The data =

+ + + +

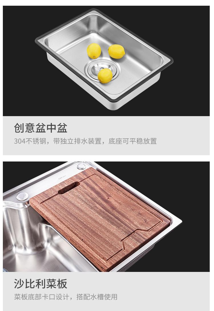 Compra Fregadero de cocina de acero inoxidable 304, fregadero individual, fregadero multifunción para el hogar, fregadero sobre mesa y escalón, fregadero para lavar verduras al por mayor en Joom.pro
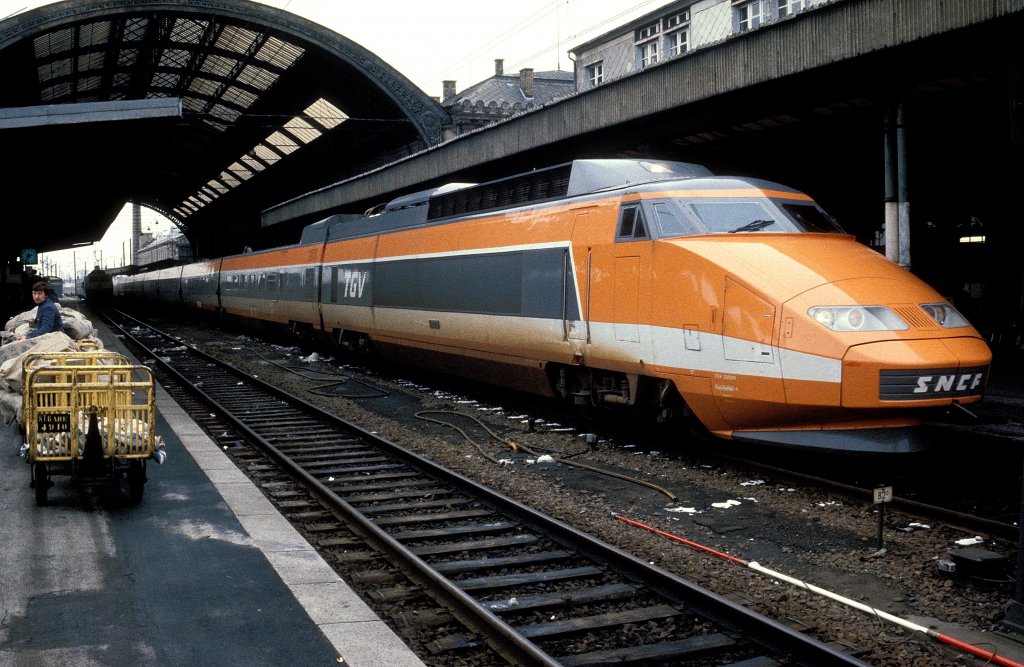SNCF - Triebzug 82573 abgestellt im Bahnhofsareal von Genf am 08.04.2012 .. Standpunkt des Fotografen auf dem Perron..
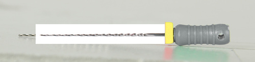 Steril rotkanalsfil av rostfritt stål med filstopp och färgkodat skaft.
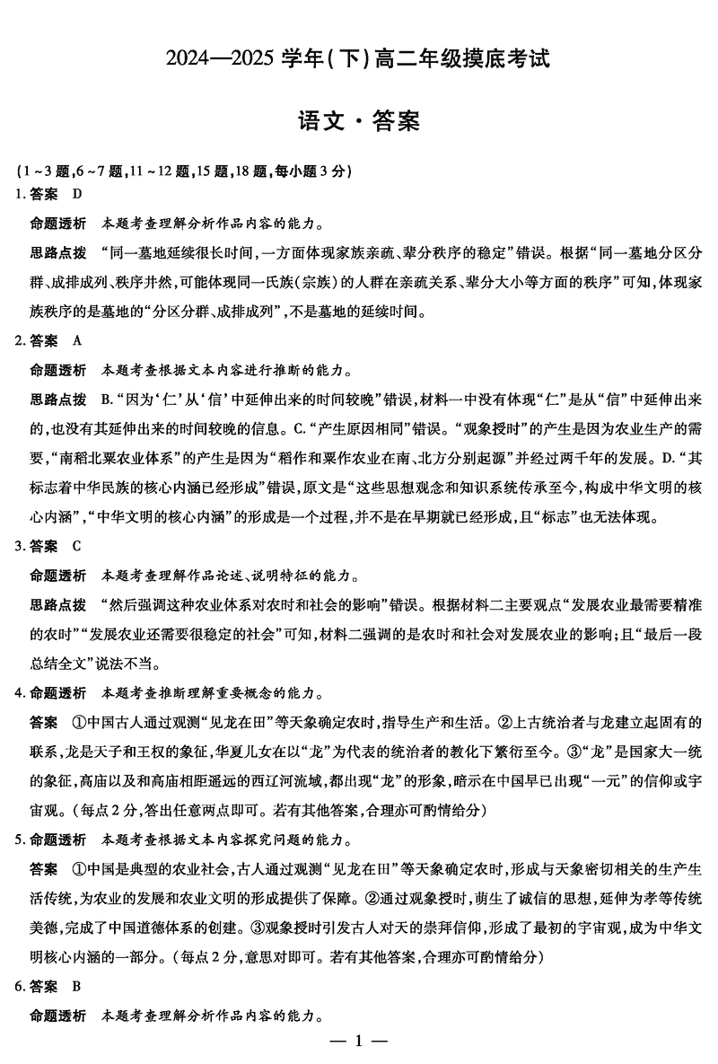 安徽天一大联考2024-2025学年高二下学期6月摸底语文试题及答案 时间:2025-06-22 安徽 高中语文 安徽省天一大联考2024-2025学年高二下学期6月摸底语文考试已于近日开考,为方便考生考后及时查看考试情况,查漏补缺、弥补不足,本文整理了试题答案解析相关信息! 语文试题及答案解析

+ + + +

The task = Only the pictures are to be left out; print everything else in the listing exactly.

Expected answer =
 Compra Fregadero de cocina de acero inoxidable 304, fregadero individual, fregadero multifunción para el hogar, fregadero sobre mesa y escalón, fregadero para lavar verduras al por mayor en Joom.pro
SNCF - Triebzug 82573 abgestellt im Bahnhofsareal von Genf am 08.04.2012 .. Standpunkt des Fotografen auf dem Perron..
 Steril rotkanalsfil av rostfritt stål med filstopp och färgkodat skaft.
 安徽天一大联考2024-2025学年高二下学期6月摸底语文试题及答案 时间:2025-06-22 安徽 高中语文 安徽省天一大联考2024-2025学年高二下学期6月摸底语文考试已于近日开考,为方便考生考后及时查看考试情况,查漏补缺、弥补不足,本文整理了试题答案解析相关信息! 语文试题及答案解析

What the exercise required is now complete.